Configure the loop explicitly with strategy:
# Requires: mellea
# Returns: SamplingResult
from mellea import start_session
from mellea.stdlib.requirements import req, simple_validate
from mellea.stdlib.sampling import RejectionSamplingStrategy
m = start_session()
result = m.instruct(
"Write an email to {{name}}.",
requirements=[
req(
"Use only lower-case letters.",
validation_fn=simple_validate(lambda x: x.lower() == x),
),
],
strategy=RejectionSamplingStrategy(loop_budget=5),
user_variables={"name": "Olivia"},
return_sampling_results=True,
)
if result.success:
print(str(result.result))
else:
# All attempts failed — fall back to the first generation
print(str(result.sample_generations[0].value))
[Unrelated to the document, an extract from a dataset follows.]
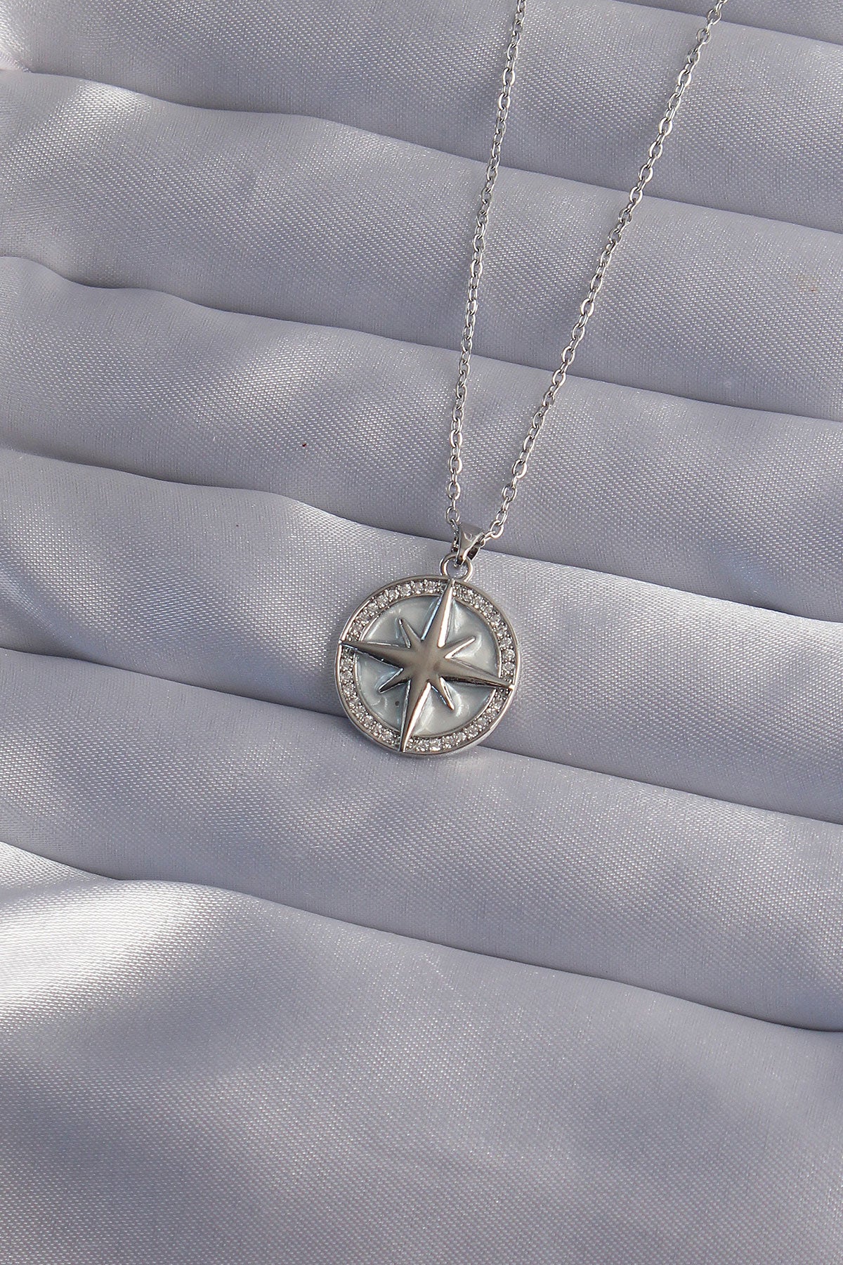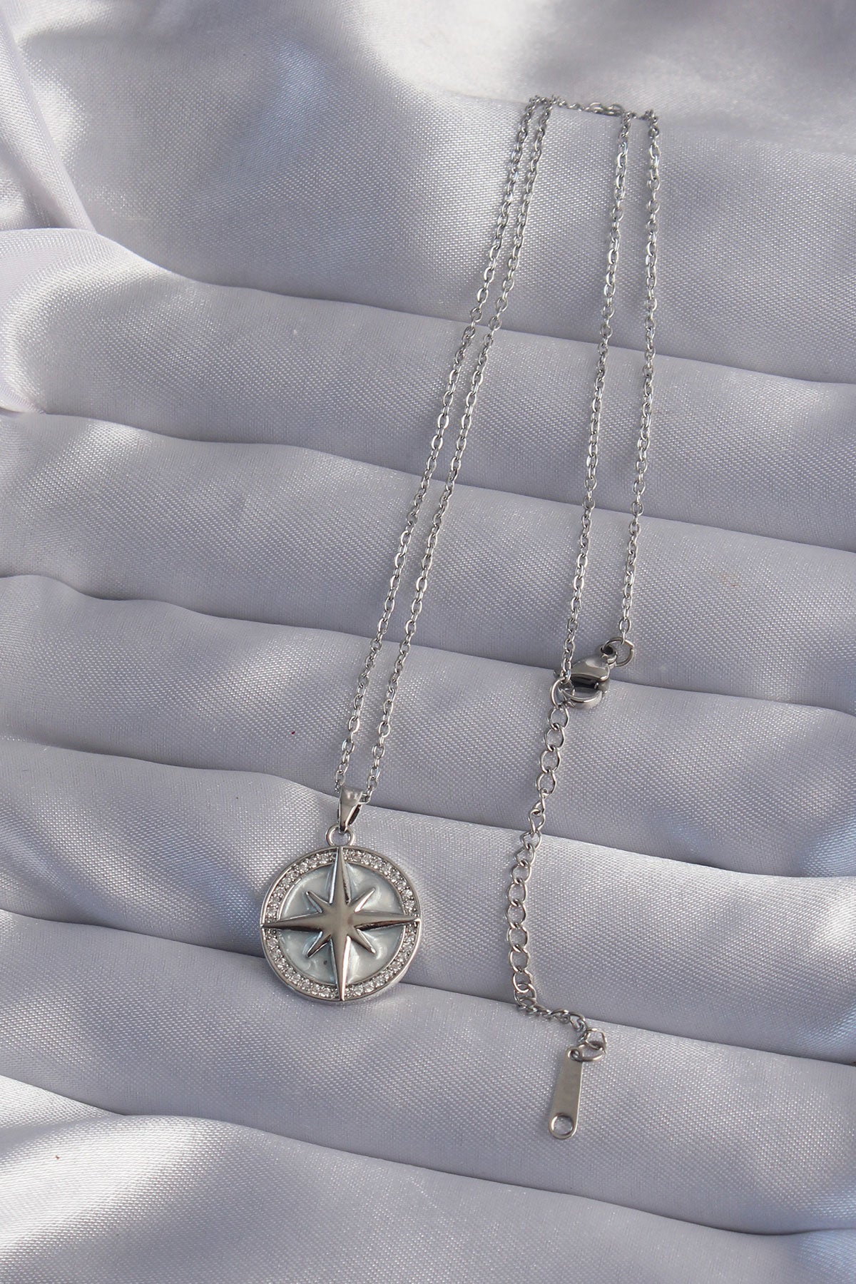 316L Çelik Zincir Gümüş Renk Zirkon Taşlı Kutup Yıldızı Kolye - BKO9012

With return_sampling_results=True, instruct() returns a SamplingResult instead
of a ModelOutputThunk. This lets you inspect whether validation passed and access
all intermediate generations.
Advanced: SOFAI (
SOFAISamplingStrategy) is a dual-model strategy that routes between a fast and a slow model based on confidence. See Inference-Time Scaling.
Grounding context
Attach reference documents to an instruction for retrieval-augmented generation:
from mellea import start_session
m = start_session()
answer = m.instruct(
"Given the documents in the context, answer: {{query}}",
user_variables={"query": "What is the capital of France?"},
grounding_context={"doc0": "France is a country in Western Europe. Its capital is Paris."},
)
print(str(answer))
# Output will vary — LLM responses depend on model and temperature.
grounding_context maps string keys to document text. The keys are arbitrary
labels — they appear in the prompt as [key] = value so the model can reference
them by name, but there is no required naming convention (e.g. "doc0", "annual_report",
"spec" all work). See Working with Data for richer
document handling using MObjects and RichDocument.
ICL examples
In-context learning (ICL) examples provide few-shot demonstrations. They are rendered
as input–output pairs inside the Instruction component's Jinja2 template, giving the
model concrete examples to follow.
Note (review needed): The
instruct()icl_examplesparameter API needs verification against the current source before documenting the full signature here.
Images
Pass images to instruct() with the images parameter. Accepts both Mellea
ImageBlock and PIL images:
from PIL import Image
from mellea import start_session
from mellea.core import ImageBlock
m = start_session() # requires a vision-capable backend and model
pil_image = Image.open("photo.jpg")
img_block = ImageBlock.from_pil_image(pil_image)
response = m.instruct(
"Describe what is in this image.",
images=[img_block],
)
print(str(response))
# Output will vary — LLM responses depend on model and temperature.
Backend note: Vision requires a model that supports image inputs (e.g.,
qwen2.5vl:7bvia the OpenAI backend). The default Ollama/Granite setup does not support images.
Multi-turn with ChatContext
instruct() works with ChatContext for stateful multi-turn conversations:
from mellea import start_session
from mellea.stdlib.context import ChatContext
m = start_session(ctx=ChatContext())
m.chat("Make up a simple math problem.")
m.chat("Now solve the problem you just made up.")
print(str(m.ctx.last_output()))
# Output will vary — LLM responses depend on model and temperature.
ChatContext accumulates turns. SimpleContext (the default) discards the previous
turn on each call.
chat() vs instruct()
chat() is a lighter-weight alternative that sends a plain message with no
requirements and no sampling strategy:
from mellea import start_session
from mellea.stdlib.context import ChatContext
m = start_session(ctx=ChatContext())
response = m.chat("What is 2 + 2?")
print(str(response))
Use chat() for conversational back-and-forth where you don't need the IVR machinery.
Use instruct() when you want requirements, validation, or structured output.